Database connection failed
Confirm MariaDB is running and that the application is using the correct host, username, password, and database name.
sudo systemctl status mariadb --no-pager
mysql -u root -p
If remote access is involved, confirm bind-address, firewall policy, and database grants. Fedora’s MariaDB documentation recommends narrowing remote access as much as possible and keeping the service local when remote access is unnecessary.
Page downloads instead of runs
This usually means PHP is not being passed to PHP-FPM correctly. Check the location ~ \.php$ block, the fastcgi_pass target, and the SCRIPT_FILENAME parameter. That one line can decide whether a site works or fails silently.
Maintenance routine
A good LEMP stack is not “installed once and forgotten.” It needs a simple maintenance cadence. Weekly updates, log checks, and occasional performance reviews are enough for many small production servers. Fedora ships current packages, which is great for features and security, but it also means you should patch consistently instead of letting upgrades pile up.
A practical routine:
- Apply security updates regularly.
- Review
nginx,php-fpm, andmariadblogs. - Monitor disk growth under
/var/lib/mysqland web logs. - Check free memory and swap.

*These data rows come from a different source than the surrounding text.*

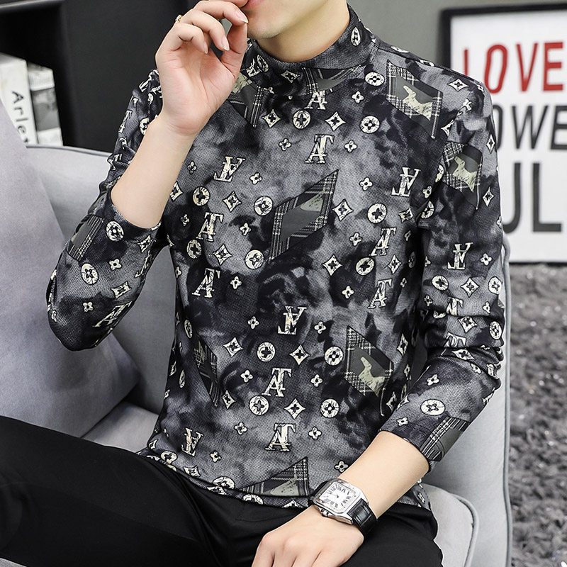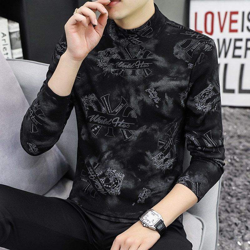 Middle-collar bottom-shirt Develvet fever clothes Men's autumn clothes single-piece blouses can be outworn Young students trendy fashion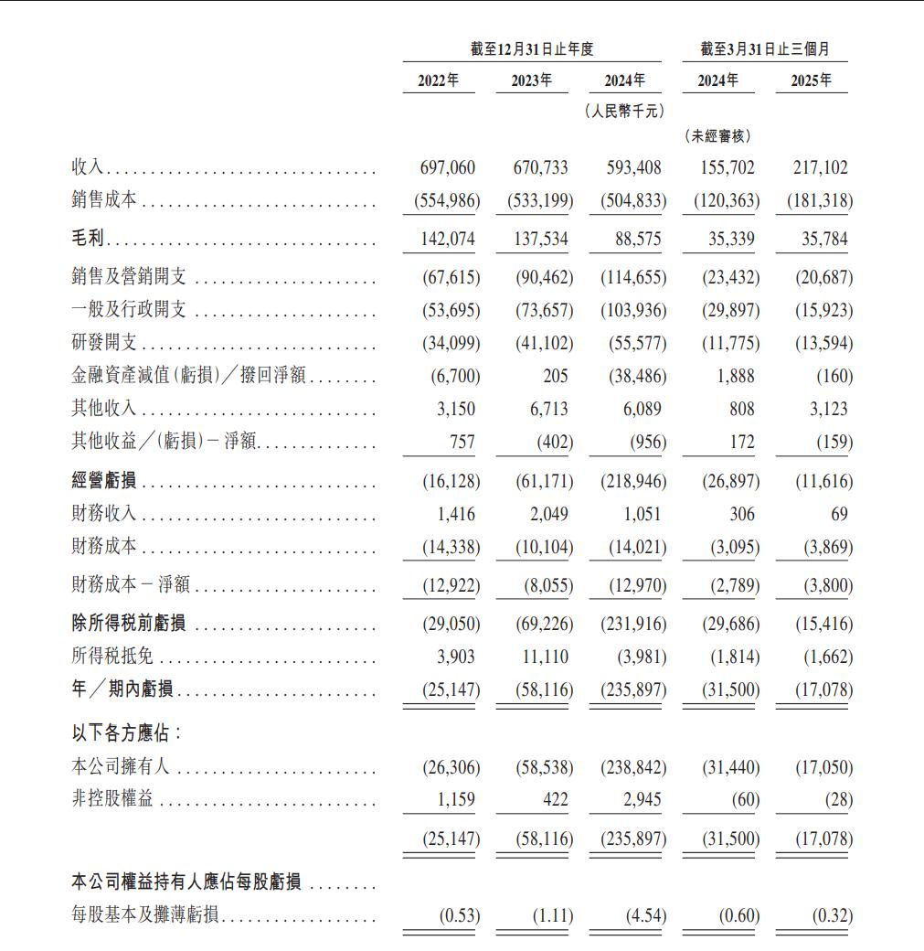综合多份招股书,2021-2024年及今年前三个月,挚达科技的收入分别约3.58亿、6.97亿、6.71亿、5.93亿、2.17亿元;毛利分别约9430.8万、1.42亿、1.38亿、8857.5万、3578.4万元,毛利率分别为26.3%、20.4%、20.5%、14.9%、16.5%;净亏损分别约2332.2万、2514.7万、5811.6万、2.36亿、1707.8万元。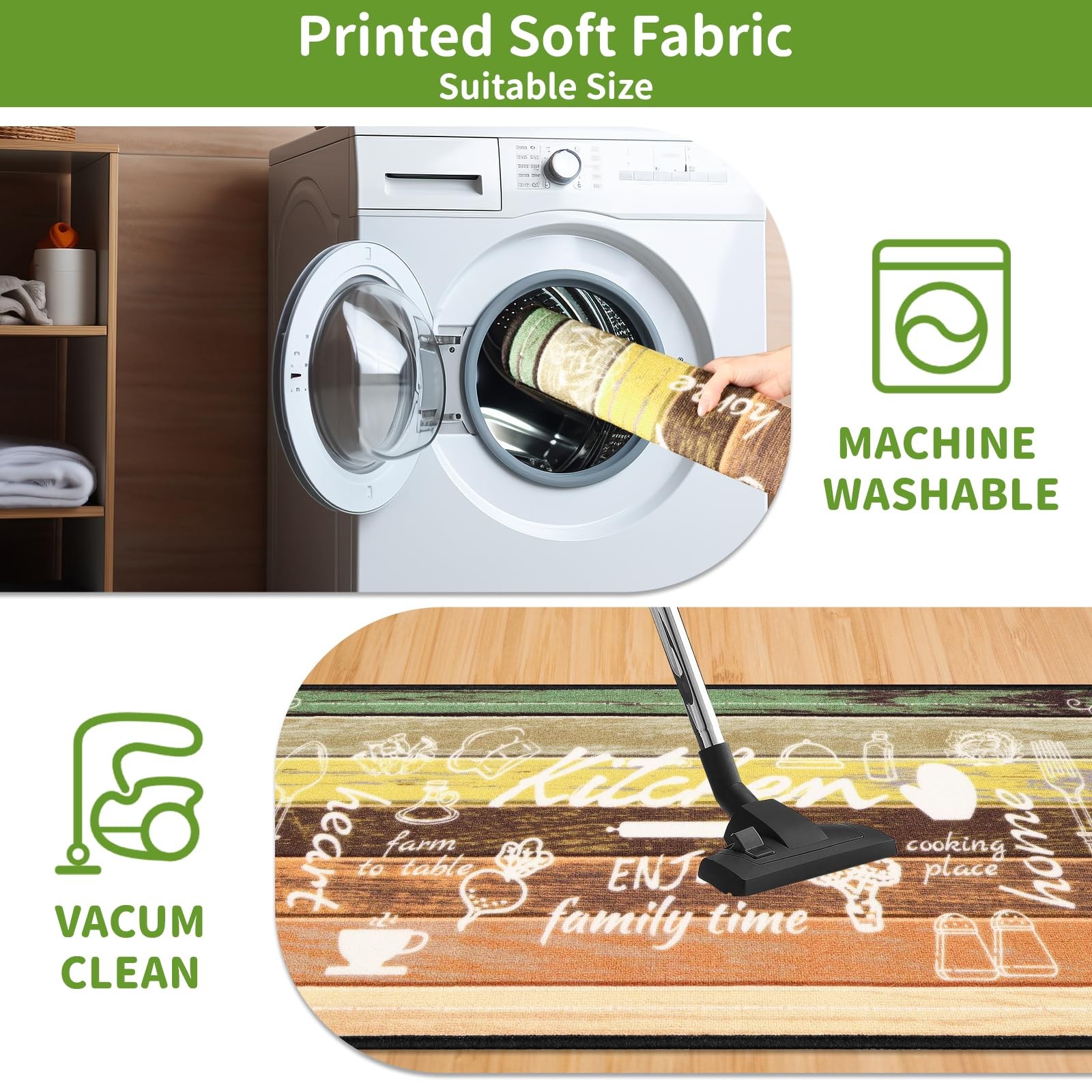 【Machine Washable Rugs】: Cleaning is a breeze! Simply toss it in the washing machine, vacuum, or spot clean spills. Our area rugs for kitchen colorfast fabric resists fading, staying bright and fresh wash after wash. Ideal for busy households! (Tip: Use cold water & mild detergent. Avoid bleach.)
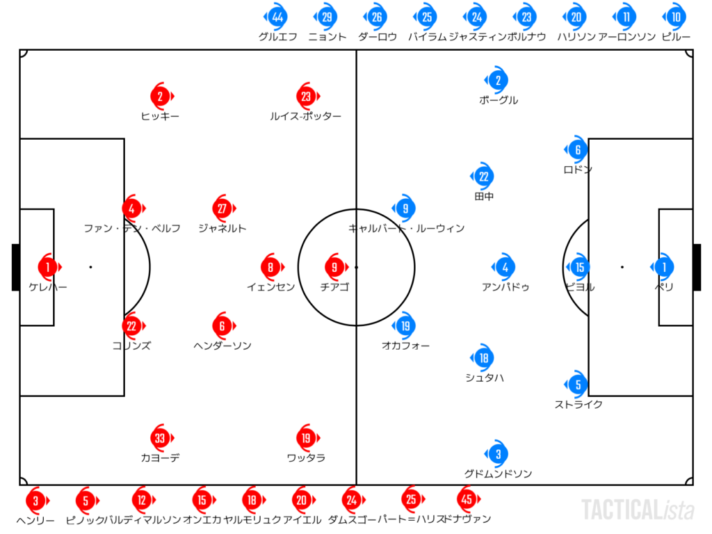 「その気になれば」プレスはハマるが、常にその気というわけではないので保持側のチームはサイドを中心に時間はもらえる展開。しかしながら、保持側がギャップを作るところはうまくいかず苦戦。保持の時間が長いのはブレントフォードだが、その時間の長さを優位につなげることはできず。逆にトランジッションからオカフォーのスピードを生かすことができるリーズの方がブレントフォードのポゼッションを優位につなげていた感があった。
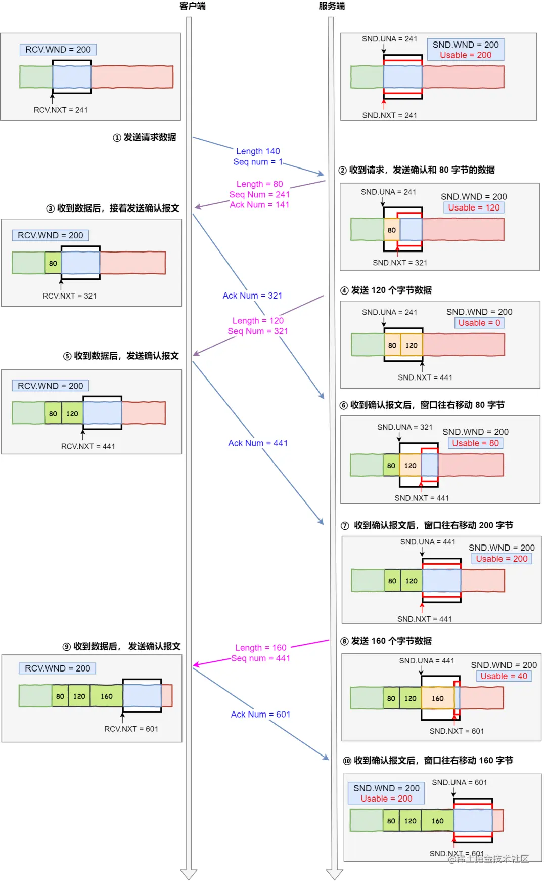 我们在前面提到过发送窗口 swnd 和接收窗口 rwnd 是约等于的关系,那么由于入了拥塞窗口的概念后,此时发送窗口的值是swnd = min(cwnd, rwnd),也就是拥塞窗口和接收窗口中的最小值。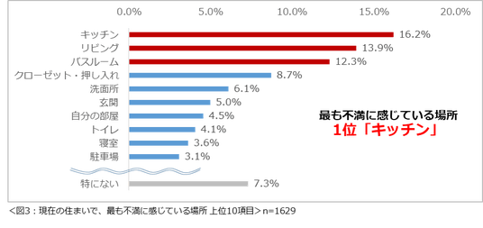 現在の住まいで最も不満に感じている場所を尋ねたところ、「キッチン」(16.2%)という回答が最も多く、次いで2位が「リビング」(13.9%)、3位「バスルーム」(12.3%)という結果になりました。(図3)

- Test backups and restore procedures.
Useful commands:
sudo dnf upgrade --refresh
sudo journalctl -u nginx -n 100 --no-pager
sudo journalctl -u php-fpm -n 100 --no-pager
sudo journalctl -u mariadb -n 100 --no-pager
df -h
free -m
ss -tulpn
If this is a production server, monitoring tools like htop, iotop, iftop, sar, mariadb-admin, and log analysis with journalctl are still some of the most useful tools on the box. They tell you what is really happening instead of what a control panel claims is happening.